Ok, so I was finally able to replicate this. Thanks! Realize now there were a few things I was getting stuck on. the %>% functionality was definitely one of those.

Is there a way to crawl pages multiple pages, like the parent page Reports - Disclosure of Contracts - Proactive Disclosure - PWGSC

There are thousands of these pages on various government sites.

Thanks!

Yes, you could crawl all these pages. I’m not sure there’s a simple way to do it generically for all the pages you mentioned. You may have to code a crawler individually for each page.

Basically, you would write a script that goes to the page with multiple links and saves that to an array. Then loop through the array with the script above (assuming the tables on each page have the same xpath address).

In most browsers you can find the xpath by right-clicking and selecting the appropriate option.

I have not dug in here in detail. @mgifford could you post an excerpt of the actual format in this thread …

My 2c is that the best scraping / parsing language for simple stuff is still python. But obviously it is usually best to go with whatever language you know well.

We are making some progress to parse this info. You can see our GitHub page here.

We’re parsing both a list of all corporations as well as going through a list of over 100 or so sets of data with procurement in it. Much of the scraping of contracting was done in PHP.

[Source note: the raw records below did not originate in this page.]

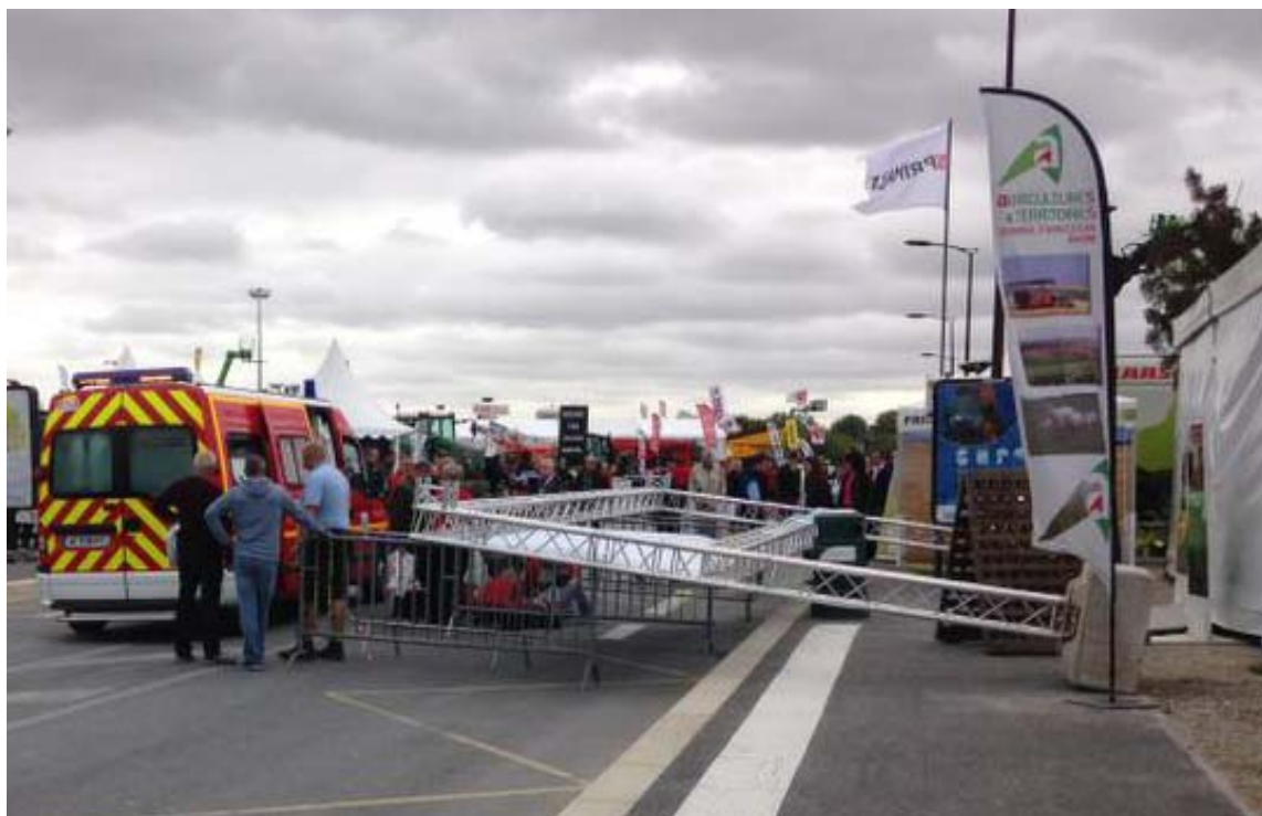
Les conséquences de la chute du panneau auraient pu être plus dramatiques. Alice Renard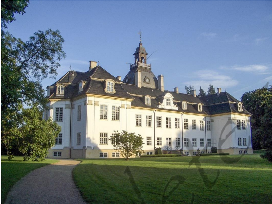
Geboorteplaats: Paleis Charlottenlund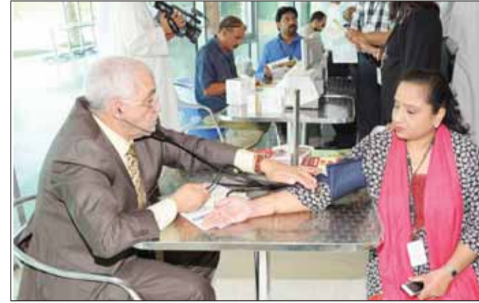
إجراء فحوصات في فعالية سابقة للجمعية (أرشيفية)

أعلنت جمعية القلب الكويتية أمس، عن فعاليتها لشهر أبريل، وتهدف إلى التواصل مع المواطنين والمقيمين وإجراء فحوصات الضغط والسكري والنكولسترول، وتسليط الضوء على أمراض القلب وعوامل الخطورة لها. وذكرت الجمعية أن فرقها ستتواجد خلال يومي 3 و4 أبريل في كلية الطب بالجابرية، ويوم 5 في إدارة تعزيز الصحة والصندوق الكويتي للتنمية الاقتصادية العربية، فيما ستتواجد يوم 7 بمدرسة نعيم بن مسعود في جليب الشيوخ، وفي 10 أبريل بكلية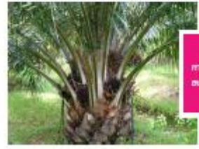
การให้น้ำระบบ สปริงเกอร์

การใช้ทะลายปล่าปาล์มน้ำมันไปคลุมดินบริเวณโคนต้นปาล์ม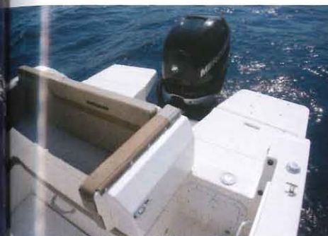
Les 2 extrémités des dossiers de la banquette de poupe pivotent pour faire office de petit portillon.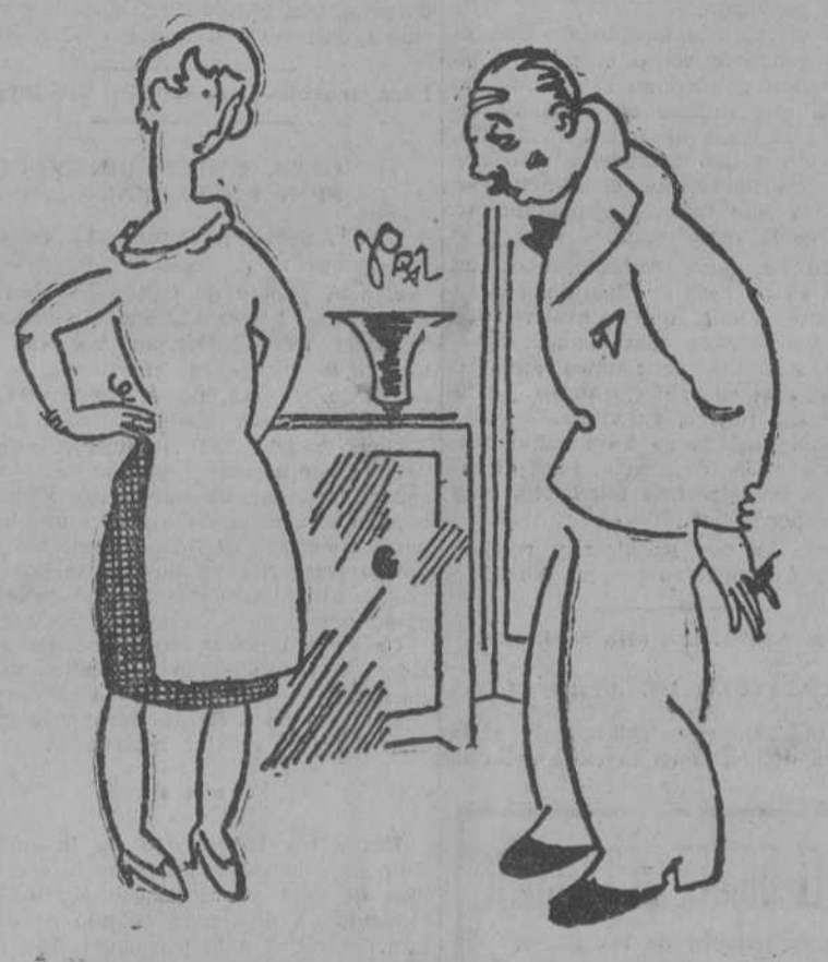
—No hace usted absolutamente nada, mete los dedos sucios en los platos, deja usted que el polvo nos coma, se ha vuelto grosero y mal educado. ¿Es que se cree usted el ama de la casa?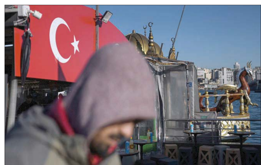
أعلنت هيئة تنظيم سوق الطاقة التركية ارتفاع أسعار الكهرباء 52% للاستخدام المنزلي و130% للاستخدام الصناعي (أ.غ.ب)

الجمهري»، كمال كليتشدار أوغلو، الزيادات الجديدة في أسعار الكهرباء والغاز الطبيعي التي طبقت بدءاً من اليوم الأول من العام الجديد، قائلًا في رسالة لإردوغان عبر «تويتر»: «لقد ضغطت على أعناق الشعب مع بداية العام. لقد زدت عليهم أسعار الكهرباء والغاز الطبيعي، بشكل كبير، وبينما ينهي الناس عامهم ويستقبلون عاماً جديداً، وضعت أنت على أعناقهم في السلام والراحة، فلن يكون هناك سلام في قصرك، ولا في المؤسسات التي أفسدتها، ولكن هذه كلمتي لك في عام 2022».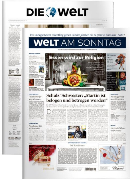
Auflage in Tsd. (IVW Q1 2019)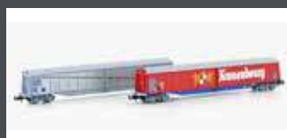
H23442 2ER SET SCHIEBEWANDWAGEN HABIS SNCF/KRONENBOURG, EP.IV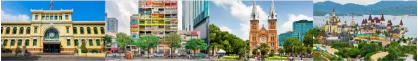
ไบรณีย์กลางโฮจิมินห์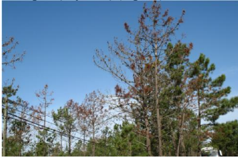
1 pav. Nematodu užkrėsta pušis

Portugalijoje 1999 m. pirmą kartą aptikti pušiniai stiebiniai nematodai ( Bursaphelenchus xylophilus (Steiner et Buhner) Nickle et al.) (toliau – nematodai). Tai 0,5–1 mm ilgio apvaliosios kirmėlės, kurios matomos tik per mikroskopą. Gausus nematodų skaičius užkemša maisto medžiagų tekėjimo takus ir taip sukelia pušų vytimą (1 pav.).

We may well use Node.JS to do the parsing based on peoples experience in the team.

@ryan thanks again for your support with R. I kept hoping there’s be a simpler process.

@rufuspollock Trouble is that there is more than one. We’re building a local cache of HTML files which we will be working from. Our expectation is that it will be faster to do any work locally if the content is all there.